Two years after the birth of Charles, the Queen gave birth to Princess Anne in 1950, then Princes Andrew and Edward in 1960 and 1964. Four children whom she cared for little, more comfortable in the exercise of power than in matters of education.

In private, it is Prince Philip, the head of the family.

To the management of whims and proofs of affection, the Queen prefers her reassuring schedule, determined a year in advance, and her “red boxes” containing official government documents.

Opening them every morning is part of an immutable ritual that she imposed on herself throughout her reign.
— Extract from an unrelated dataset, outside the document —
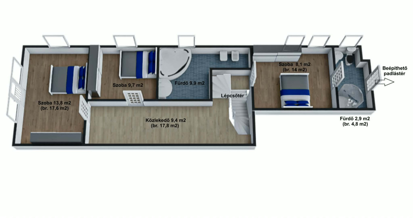 Tetőtér nagy része beépített, ám további beépítés lehetséges

Waking up at 7:30 a.m. when the curtains of her room were opened, her lady-in-waiting entered (the late "Bobo", the only housekeeper to have been able to call her "Lilibet",

served 67 years with him) with a cup of Earl Gray tea, arrived from his dogs, his beloved welsh corgis;

radio tuned to BBC Radio 4, bath at 21°C, dressing,

light breakfast

(a bowl of Special K cereal, according to its former boss), reading the press (

The Racing Post

, a daily on horse racing, first; then the

Telegraph

and the

Times

).

The sacrosanct ceremonial ends with 15 minutes of bagpipes played by the "pipers" in the courtyard of the palace, after which she settles in her office at 10 a.m. until lunch and the official obligations of the day after. -midday.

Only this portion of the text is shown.